In distributed systems, you cannot easily distinguish between:
  • Node crashed
  • Network connection broken
  • Node slow (still processing)
  • Request lost in network
  • Response lost in network

Unreliable networks

Most distributed systems use asynchronous networks (like the internet). In an asynchronous network, there are no guarantees about:
  • When a message will arrive (if at all)
  • How long it will take
  • Whether the recipient is alive

Network faults in practice

Network problems are more common than you might think: Example incidents:
  1. Shark bites undersea cables (really happened!)
  2. Network switches fail or misconfigured
  3. Data center network partitions (split into two groups that can’t communicate)
  4. Network congestion (packets delayed or dropped)
  5. Entire data center connectivity lost (power failure, backhoe cuts fiber)
# Handling network timeouts
class RobustNetworkClient:
    def __init__(self, max_retries=3, timeout=5):
        self.max_retries = max_retries
        self.timeout = timeout

    def send_with_retry(self, request):
        for attempt in range(self.max_retries):
            try:
                response = self.send_request(request, timeout=self.timeout)
                return response
            except Timeout:
                if attempt < self.max_retries - 1:
                    # Exponential backoff
                    wait_time = 2 ** attempt
                    time.sleep(wait_time)
                    continue
                else:
                    raise NetworkError("Failed after {} retries".format(self.max_retries))

Detecting faults

How can you tell if a remote node is down? Most common approach: Timeouts
# Timeout-based failure detection
import time

class FailureDetector:
    def __init__(self, timeout=10):
        self.timeout = timeout
        self.last_heartbeat = {}

    def record_heartbeat(self, node_id):
        self.last_heartbeat[node_id] = time.time()

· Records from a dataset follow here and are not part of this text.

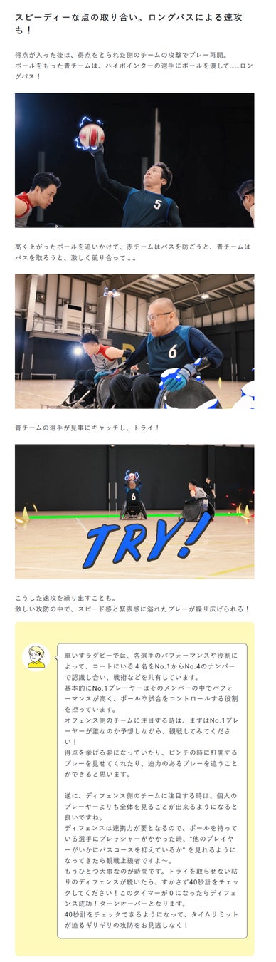 テレビドラマの放送を控え、今まさに注目が集まる車いすラグビー。本作では、現役選手による迫力満点の動画に加え、テレビドラマで選手の所作・競技シーンの監修も務めた峰島靖さんが競技の醍醐味をWEB記事で徹底解説。競技の醍醐味・奥深さを、初心者からファンまで楽しめる内容でお届けします。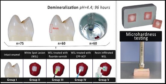 - Paris, S.; Schwendicke, F.; Seddig, S.; Muller, W.D.; Dorfer, C.; Meyer-Lueckel, H. Micro-hardness and mineral loss of enamel lesions after infiltration with various resins: Influence of infiltrant composition and application frequency in vitro. J. Dent. 2013, 41, 543–548. [Google Scholar] [CrossRef]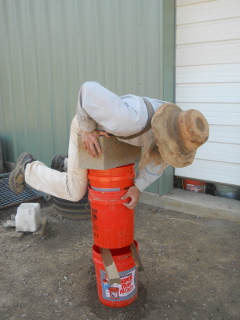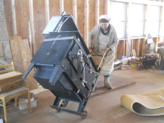 The stove has been hooked up to a dolly since we moved it into the house, and Sue and I were able to get it to tilt back on the dolly so we could move it. I tried pulling the stove up onto the stones using the dolly, but couldn’t get it to roll up them. Here, Sue is maintaining the lean while I do some prep work: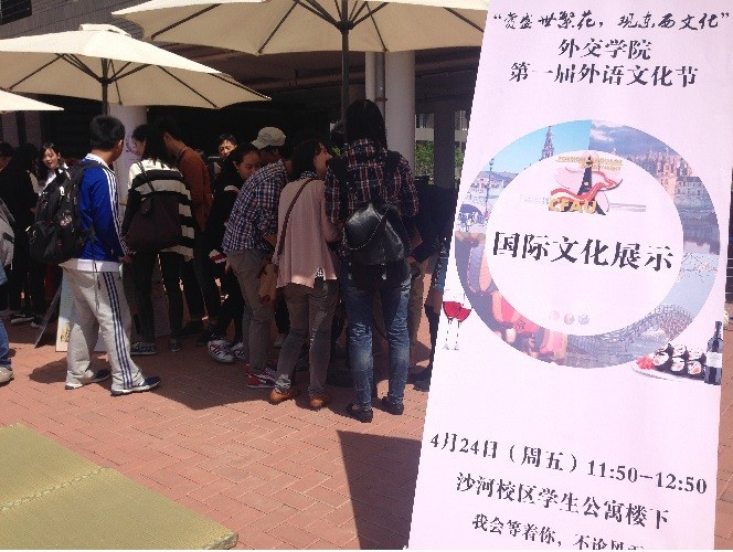 4月24日中午,作为首届外语文化节的一部分,外语系学生会在宿舍楼下组织了别开生面的国际文化展示活动。本次活动旨在宣传外语系特色文化氛围,展示推广法日西三语文化,提升他系同学对法日西三语文化的认知层面,从而将外语魅力推广到其他系别;同时增加外语系学生的学习兴趣,在另一种层面上促进文化理解。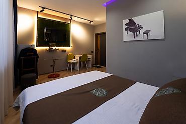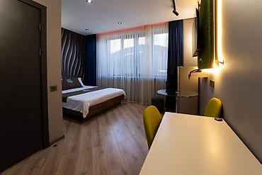- Планировка: спальня с двуспальной кроватью, рабочая зона с письменным столом и двумя стульями, компактная обеденная зона с круглым столиком, тумба/комод.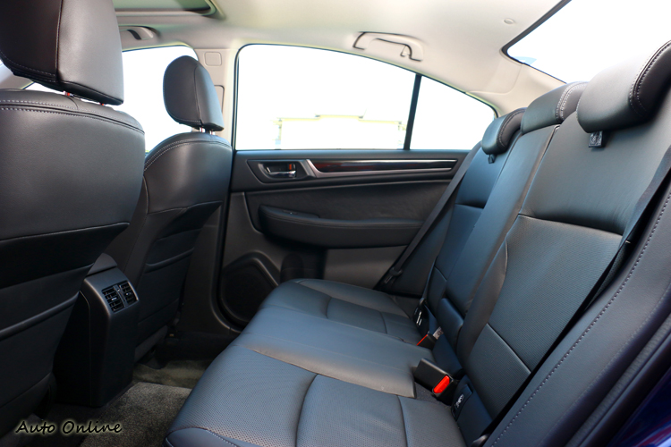 變大後的Legacy車室空間,前座沒有太大差異,最讓人驚訝的是後座空間,軸距不變、車高降低、車長拉長,後座居然變得寬敞,身高170cm左右的成人,能像頭等艙一樣翹腳乘坐,頭部也沒因為降低車高帶來壓迫感,比較可惜因為四門車型無法像五門車型調整椅背,但這對乘坐品質影響不大。除乘坐空間外,要方便乘客上下車,開門角度多增加15mm,15mm的改變更能輕鬆進出車室。

    def is_alive(self, node_id):
        if node_id not in self.last_heartbeat:
            return False

        elapsed = time.time() - self.last_heartbeat[node_id]
        return elapsed < self.timeout

    def get_dead_nodes(self):
        current_time = time.time()
        dead_nodes = []

        for node_id, last_time in self.last_heartbeat.items():
            if current_time - last_time > self.timeout:
                dead_nodes.append(node_id)

        return dead_nodes
Problems with timeouts:
  • Too short: False positives (declare node dead when just slow)
  • Too long: Takes longer to detect real failures
  • Variable network latency makes it hard to choose good timeout

Timeouts and unbounded delays

In an asynchronous network, there’s no upper bound on how long a message can take. Why packets get delayed:
  • Application queue waiting to send
  • OS network queue
  • Network switch queue
  • Recipient’s OS queue
  • Recipient application queue/busy
  • TCP congestion control
  • Network congestion
Most latency comes from queuing, not the physical network.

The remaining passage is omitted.